The Monkeysphere is a great concept. The idea is, we can only relate to so many people as actual humans; everybody else is sort of abstract to us. The people we relate to are inside our monkeysphere, everyone else is outside. For most people, the upper limit for their monkeysphere is about 150 people.
I follow over 300 accounts on Twitter and have over 400 Facebook friends. I can’t keep up. My Twitter feed has something like 1,000 tweets every day.
Let’s not even talk about Tumblr. I can’t keep up with my Tumblr feed at all.
Part of the issue is that it’s winter, and in the winter I mostly want to hole up and read or knit and watch TV, and everything else feels like way too much work. But the rest of the issue is pretty much that the internet is full of tons of people I find interesting for various reasons, so I add them to my social media.
Fiddling around with Twitter lists and Facebook lists can help some — I can tag individuals on Facebook and get notified every time they post something, and that helps. I’ll hit the website, check my notifications, and take a look at the top maybe … ten entries in my main news feed. That makes Facebook way less crazy for me, and I don’t have to worry about missing something from the people I absolutely want to keep up with.

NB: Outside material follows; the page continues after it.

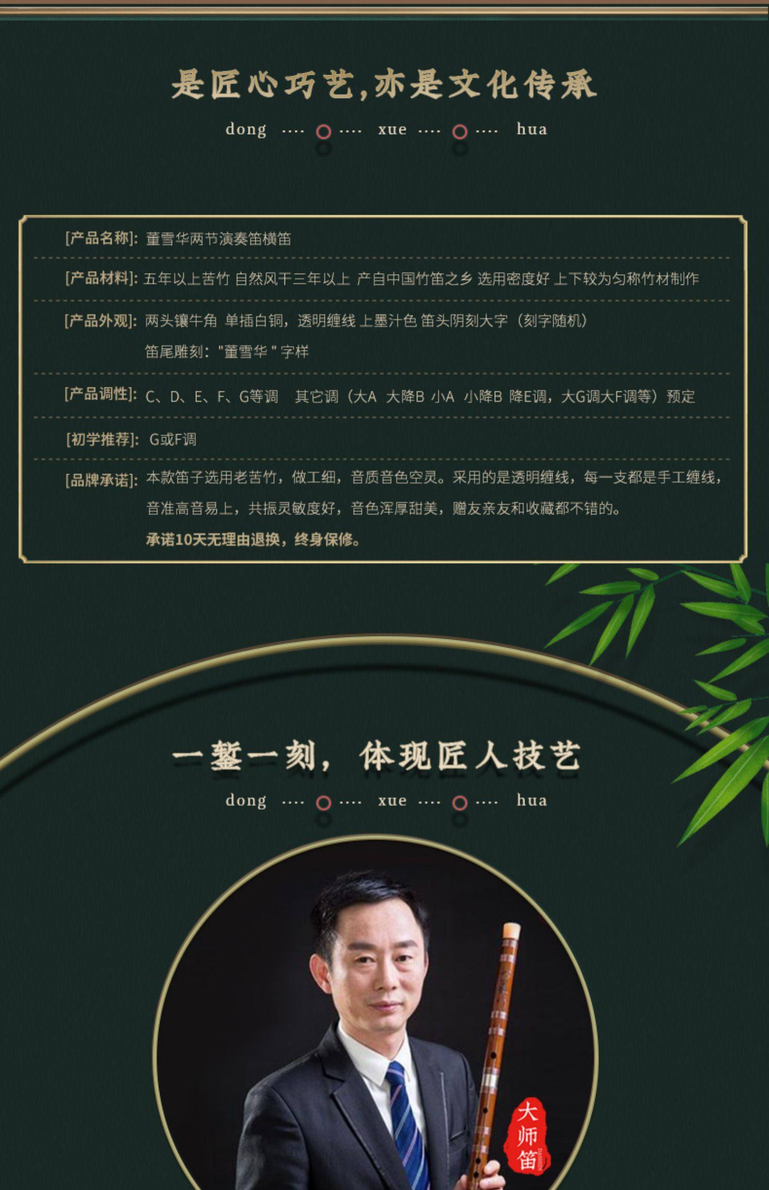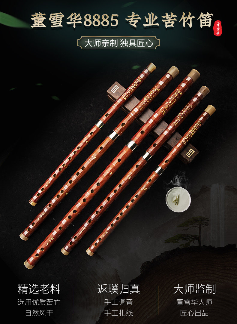 Dong Xuehua 8885 Dizi Bamboo Flute Профессиональное выступление на сцене ручная работа Подпись Файф высококачественный Музыкальный инструмент
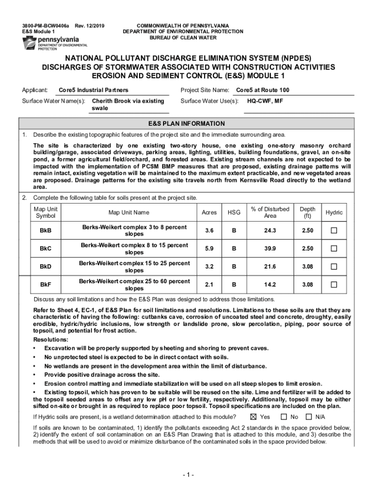 3800PMBCW0406a E&S Module 1Rev. 12/2019COMMONWEALTH OF PENNSYLVANIA DEPARTMENT OF ENVIRONMENTAL PROTECTION BUREAU OF CLEAN WATERNATIONAL POLLUTANT DISCHARGE ELIMINATION SYSTEM (NPDES) DISCHARGES OF

I tried doing that with Twitter, but the I Can’t Bear To Miss A Single Tweet folks is about three or four people, but the Cool Folks I want to Keep Up With Cos They Are Cool people… there’s like 200 of them. How do I pick and choose among that many interesting people???
I’m tempted to decree that I can only follow 150 people on each service, but I worry about weeding out people whose feelings might be hurt, or missing out on something awesome. (It doesn’t help that my “ooh, awesome” threshold is pretty low. One of my favorite things on Twitter right now is the conversations between @korybing and @sfemonster (they talk about all kinds of cool stuff, and are total geeky nerds like me! Eee! They’re so cool).)
I know people who have left Facebook entirely, or quit social media except for two or three feeds/folks/friends, and there’s a simplicity to that which is really appealing to me.
In the runup to my wedding, I stopped reading feminist blogs, because they just made me angry. There’s so much sexist bullshit around, you know? The fatosphere can be that way too.
But I’ve had people tell me that the stuff I post to Facebook has changed the way they think about things, made them more tolerant, helped them understand — and that means so much! I want to do that! But that material comes from my massive social media intake. Argh.
As with so much in life, it’s all about balance. I just need to figure out where the balance point is for me with this stuff.